Abas harus belajar dari John Mc Caine, capres USA pada pilpres tahun 2008 ketika melakukan kampanye terbuka. Meskipun dia berkompetisi dengan Barack Obama, namun tak melupakan pendidikan kepada pendukungnya untuk tidak membencinya sebagai pribadi. Jika Abas sedikit saja memberi pendidikan kepada pendukungnya yang gemar menebar hoaks, ujaran kebencian dan bersikap intoleran, niscaya saat ini persepsi publik akan berbeda dengan yang dipersepsikan selama ini.

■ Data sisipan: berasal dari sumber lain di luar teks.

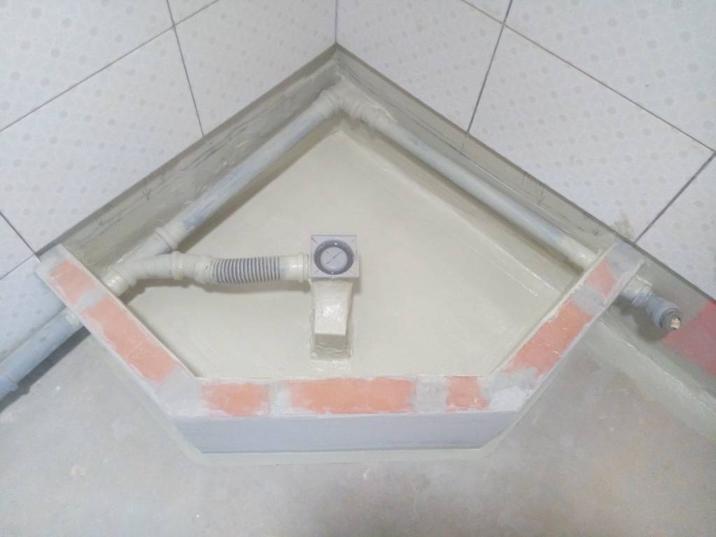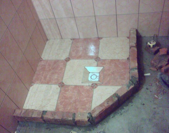 - Procédez à la formation du sol du receveur de douche à partir de carreaux. Pour ce faire, les briques sont posées à plat sur le sol à l'aide de mortier de ciment en une seule couche. Dans le même temps, toutes les fissures et les vides sont remplis de ciment. Après séchage, procéder au dispositif d'imperméabilisation.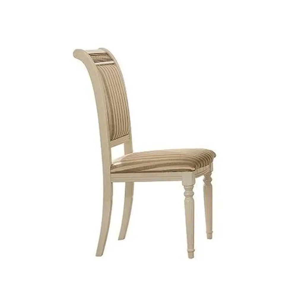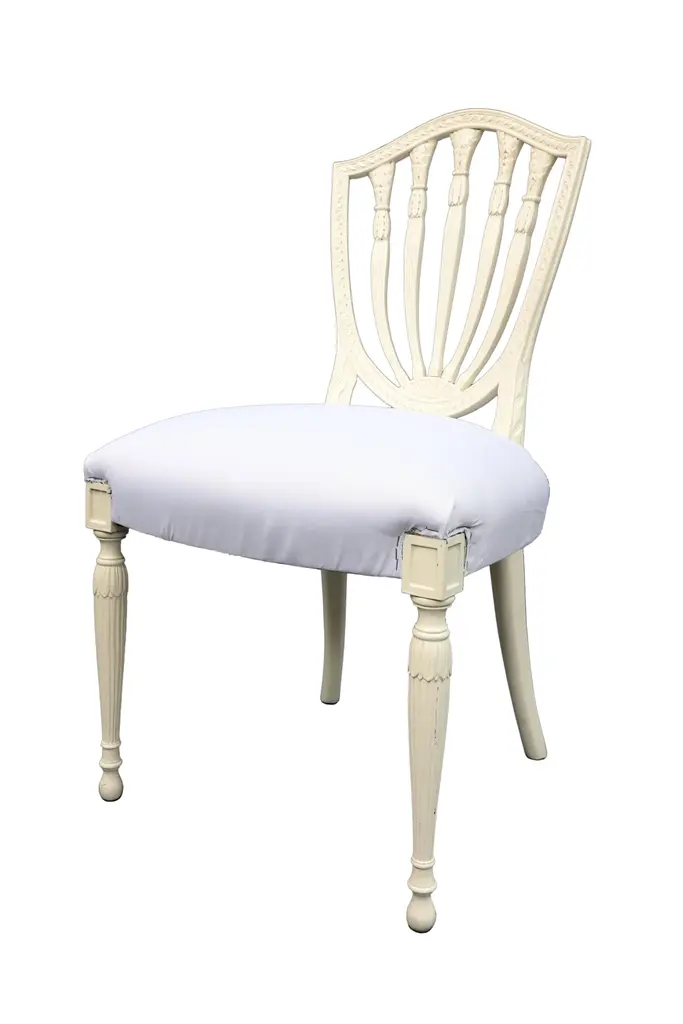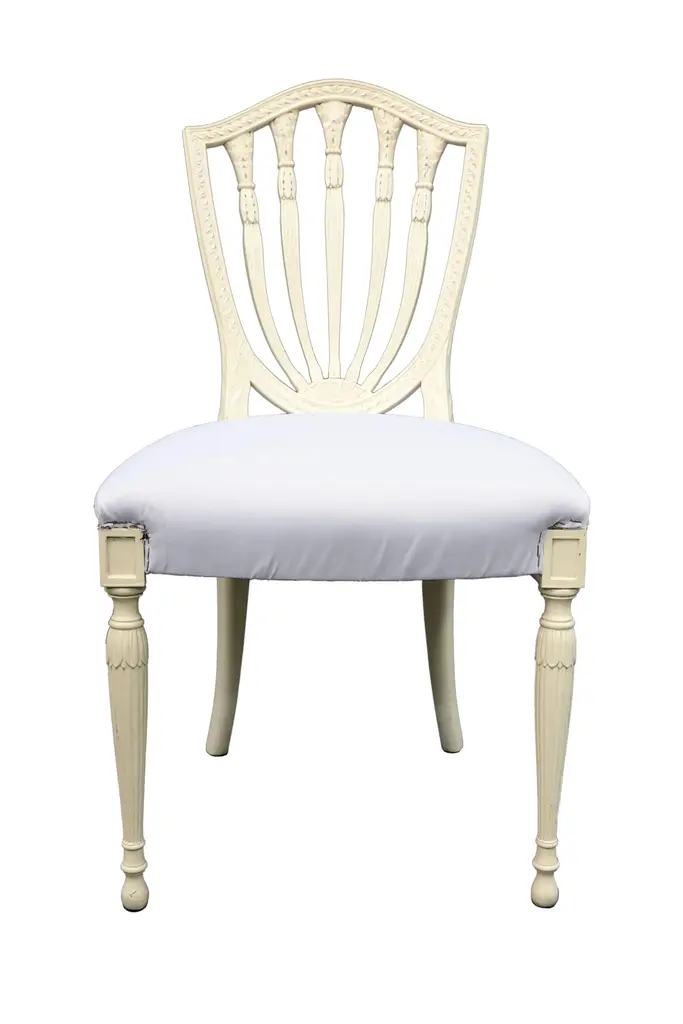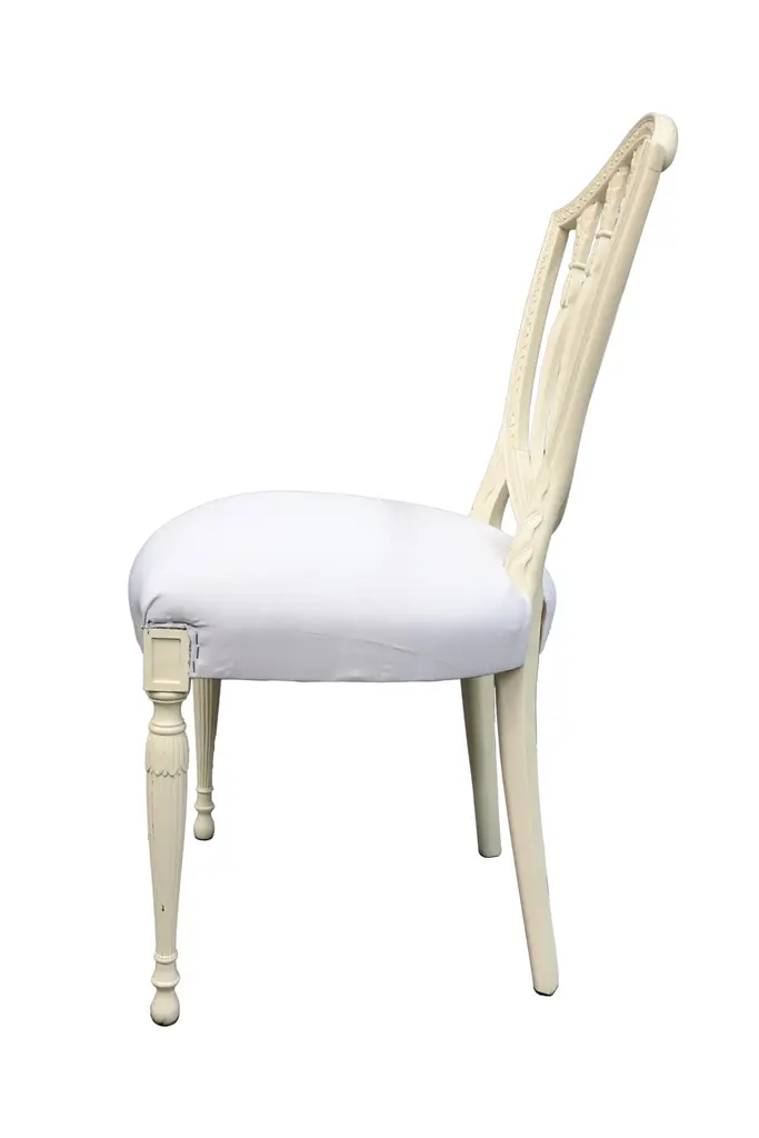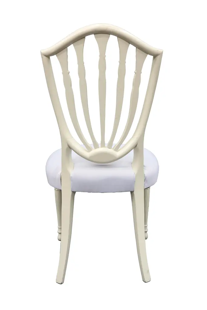 White upholstered chair with tapered legs and palm trees carved into the bars of the back of the chair.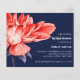 Stunning och Elegant Inbjudningskort för möhippan, med ett magnifikt Dahlia Flower i blomning i vattenfärgspaletten med röda nyanser av rik orange och blå lila löv på lämnat av kortet. Dina uppgifter om party visas på ett snyggt sätt på högerna, i en chic med fet stil och serif-teckensnitt i klassisk grått färg. Kortomvänd i en kontrasterande grått färg med utrymme för extra-text som register, webbplats, värd för eller annan användbar information. Det är mycket enkelt att anpassa med mallen. OBSERVERA: ENVELOPES ÄR NOTERADE.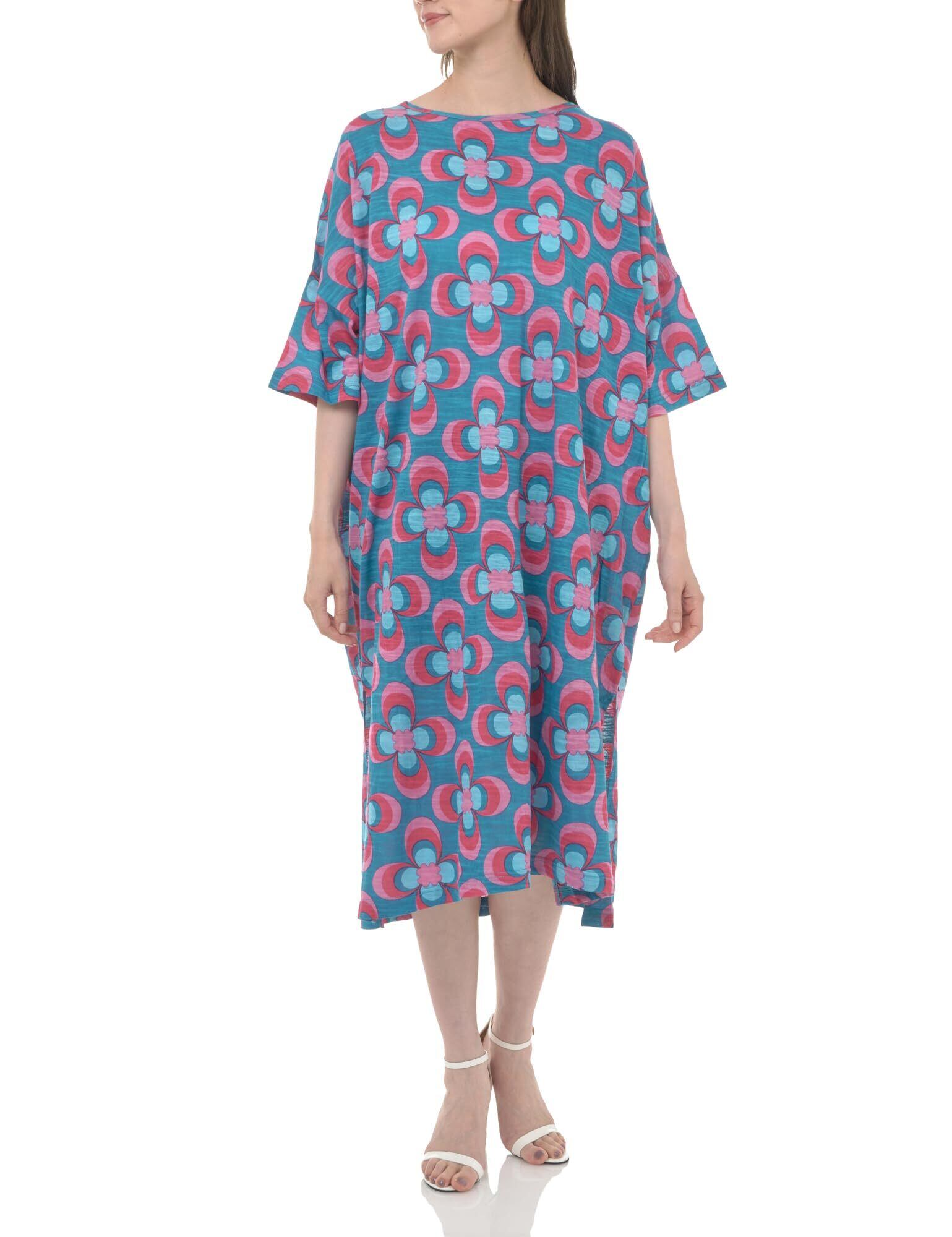 レトロなヒッピー柄のワンピース。綿スラブジャージ素材で着心地抜群。オーバーサイズ感がサイズレスに着られる。カジュアルな装いにも合うコーディネートを選ばないアイテム。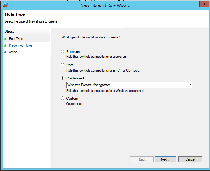 Go to; “Computer Configuration/Policies/Administrative Templates/Windows Components/Windows Remote Management/WinRM Service” and right-click the highlighted options.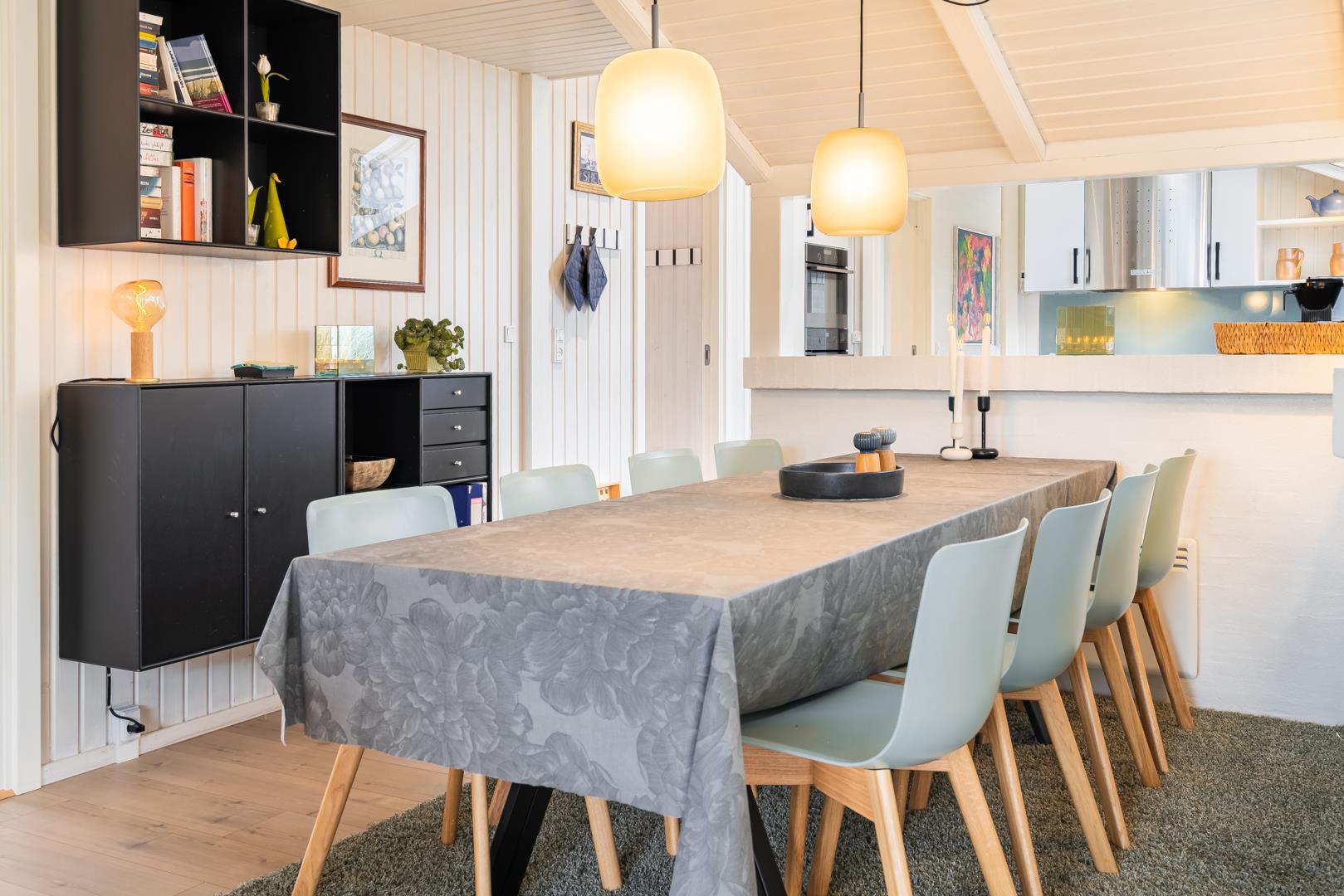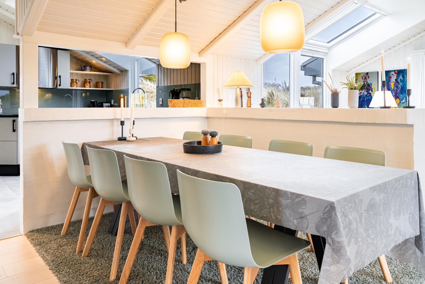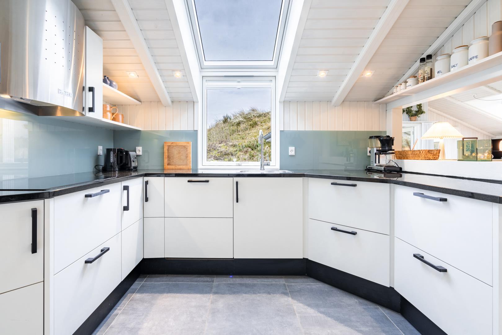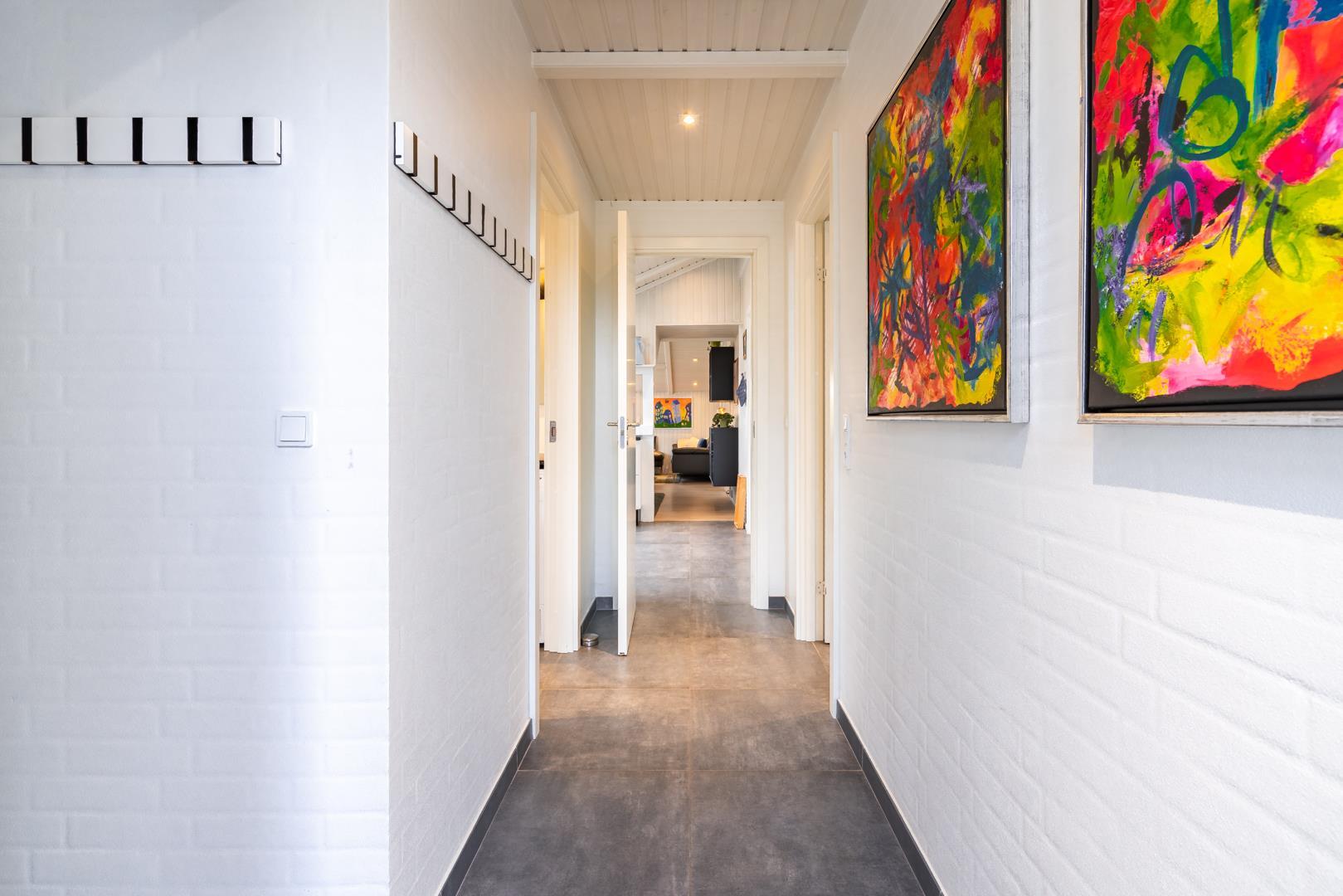 Sommerhuset er af høj kvalitet med lofter til kip, og ovenlysvinduer, der lader et flot lys strømme ind i de i forvejen lyse og åbne rum. Særligt det store opholdsrum byder på en enormt lys og indbydende atmosfære med inventar og møblement i afdæmpede nuancer og farverig kunst på væggene, som sætter et personligt præg.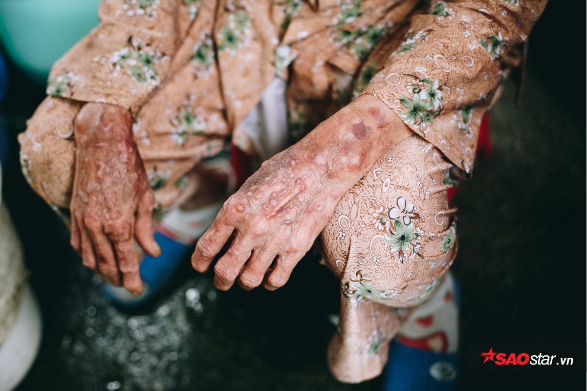 Đã hơn 20 năm nhưng vết sẹo vẫn lộ rõ trên đôi tay bà Tám.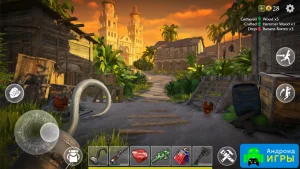 Особое внимание в игре уделено визуальному оформлению. Проект радует реалистичной HD-графикой с поддержкой полного 3D. Вид от первого лица делает происходящее особенно захватывающим: вы буквально чувствуете каждый шаг по песку, слышите шум листвы и рев диких зверей. Атмосферу усиливают проработанные визуальные эффекты — от смены дня и ночи до погодных условий.Управление интуитивно понятное: виртуальный джойстик слева позволяет двигаться, а кнопки справа отвечают за действия, атаку и взаимодействие с предметами. В нижней части экрана расположено быстрое меню для быстрого доступа к нужным предметам.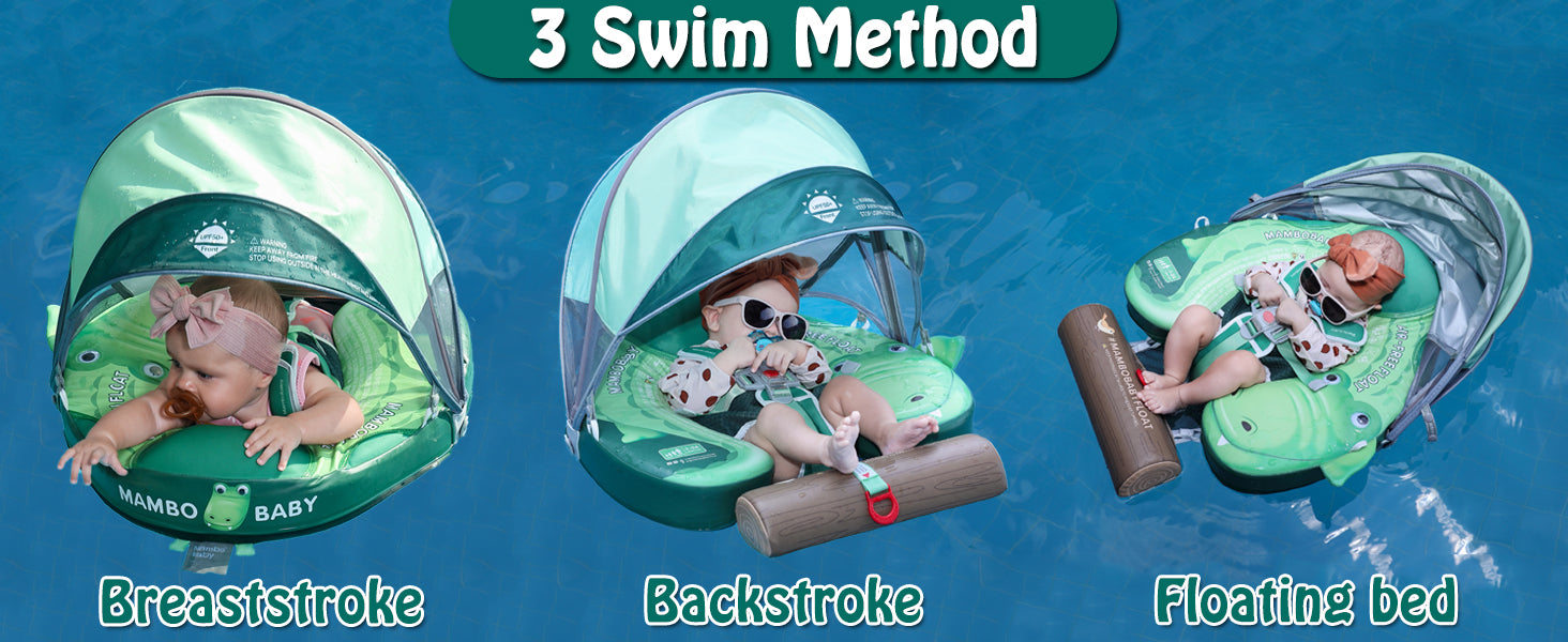Add removable tail, Prevent baby from flipping backward. Upgraded safety buckle, The Upgraded safety buckle provides 5 support points and perfect 40¡ãangle to keep a balance to avoid baby flip over and fall off. Upgraded into 2 swim ways which are backstroke and breaststroke with different buckle method. Backstroke Suitable for 3~6months baby, breaststroke Suitable for 3~24months baby.

Lebih jauh, bukannya meredakan kebiasaan tidak baik tersebut, dia justru menularkan pikiran negatif kepada mereka. Secara psikologis, ucapan yang dituakan kerap dianggap contoh, dan bahkan sebagaimana ungkapan, guru kencing berdiri murid kencing berlari. Keburukan sedikit akan diduplikasi berkali-kali lipat, sebaliknya kebaikan berkali-kali diduplikasi sekali saja sudah beruntung.
Harus dimaklumi bahwa seorang yang berada di posisi tidak menguntungkan, kerap melihat pihak yang posisinya lebih baik, dengan rasa cemburu dan cenderung suudzon. Boleh jadi perasaan demikian sedang dialami Abas beserta para pendukung, dan munculnya tudingan bahwa pemerintah mematikan kritik, menggambarkan Abas tidak cukup memahami situasi yang berlaku, khususnya mereka yang dia anggap dibungkam.
Sejauh yang kita saksikan, mereka yang mengalami kasus hukum akibat kritikan kepada pejabat, diduga kuat karena kritikannya mengandung fitnah, yakni tudingan yang jika memenuhi kaidah hukum berpotensi si pejabat terjerat kasus, namun tudingan yang sama tidak disertai bukti. Apakah Abas menganggap kasus seperti ini sama dengan pembungkaman? Maka sebaiknya berkacalah dengan teliti, karena tudingan Abas justru dapat mengundang fitnah baru, untuk calon pemilih yang terlanjur mengincar nama Abas sebagai pilihannya kelak, tentu akan berpikir ulang manakala terindikasi sang jagoan karakternya tidak jauh berbeda dengan para pemandu soraknya, yakni suka menebar fitnah.
Wakil Ketum Partai Nasdem Ahmad Ali turut gerah dengan polemik yang dipicu pernyataan Abas. Menurutnya, dalam pernyataan itu, Anies merefleksikan pengalamannya sendiri saat memimpin DKI Jakarta. Ali juga meminta agar berbagai pihak tidak selalu menganggap semua pernyataan Anies diarahkan untuk pemerintahan Jokowi.
“Pernyataan Anies itu tidak pernah menyebutkan pemerintahan Jokowi antikritik. Nggak. Dia berbicara bahwa pemerintah itu harus membuka ruang untuk kritik. Jadi yang dimaksud pemerintah itu termasuk pemerintah provinsi, termasuk ke Anies. Praktik-praktik itu dirasakan Anies ketika menjadi gubernur,” katanya.
Persoalannya, apakah Ahmad Ali tidak sadar, pemerintah dipimpin oleh Presiden yang bernama Jokowi? Jelasnya Abas mungkin tidak bermaksud menyerang Jokowi. Namun secara tidak langsung Jokowi berada di dalam entitas yang diserang Abas. Justru karena itulah bantahan datang dari partai-partai yang berhimpun dalam pemerintah. Bahkan Nasdem yang masih bergabung dalam Kabinet Jokowi, secara tidak sadar kecipratan serangan.